Get the statements that satisfy this query.

Parameters
  • ro (DatabaseManager) – A database manager handle that has valid Readonly tables built.

  • limit (int) – Control the maximum number of results returned. As a rule, unless you are quite sure the query will result in a small number of matches, you should limit the query.

  • offset (int) – Get results starting from the value of offset. This along with limit allows you to page through results.

  • sort_by (str) – Options are currently ‘ev_count’ or ‘belief’. Results will return in order of the given parameter.

  • ev_limit (int) – Limit the number of evidence returned for each statement.

  • evidence_filter (None or EvidenceFilter) – If None, no filtering will be applied. Otherwise, an EvidenceFilter class must be provided.

Returns

result – An object holding the JSON result from the database, as well as the metadata for the query.

Return type

StatementQueryResult

get_hashes(ro=None, limit=None, offset=None, sort_by='ev_count', with_src_counts=True) Optional[QueryResult][source]

Get the hashes of statements that satisfy this query.

Parameters
  • ro (DatabaseManager) – A database manager handle that has valid Readonly tables built.

  • limit (int) – Control the maximum number of results returned. As a rule, unless you are quite sure the query will result in a small number of matches, you should limit the query.

  • offset (int) – Get results starting from the value of offset. This along with limit allows you to page through results.

  • sort_by (str) – ‘ev_count’ or ‘belief’: select the parameter by which results are sorted.

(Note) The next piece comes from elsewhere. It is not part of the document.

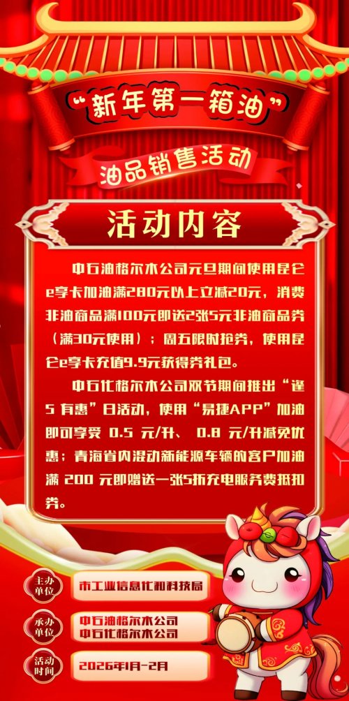 春节前夕开启的“福满新春·惠民年货集”将走进乡镇、军营,汇聚农副产品、时令瓜果及传统年味饰品,实现年货采购一站式服务。油品消费方面,中石油、中石化格尔木公司推出加油立减、充值送券等优惠,新能源车主还可享充电服务费抵扣福利。

  • with_src_counts (bool) – Choose whether source counts are included with the result or not. The default is True (included), but the query may be marginally faster with source counts excluded (False).

Returns

result – An object holding the results of the query, as well as the metadata for the query definition.

Return type

QueryResult

get_interactions(ro=None, limit=None, offset=None, sort_by='ev_count') Optional[QueryResult][source]

Get the simple interaction information from the Statements metadata.

Each entry in the result corresponds to a single preassembled Statement, distinguished by its hash.

Parameters
  • ro (DatabaseManager) – A database manager handle that has valid Readonly tables built.

  • limit (int) – Control the maximum number of results returned. As a rule, unless you are quite sure the query will result in a small number of matches, you should limit the query.

  • offset (int) – Get results starting from the value of offset. This along with limit allows you to page through results.

  • sort_by (str) – Options are currently ‘ev_count’ or ‘belief’. Results will return in order of the given parameter.

get_relations(ro=None, limit=None, offset=None, sort_by='ev_count', with_hashes=False) Optional[QueryResult][source]

Get the agent and type information from the Statements metadata.

Each entry in the result corresponds to a relation, meaning an interaction type, and the names of the agents involved.

Parameters
  • ro (DatabaseManager) – A database manager handle that has valid Readonly tables built.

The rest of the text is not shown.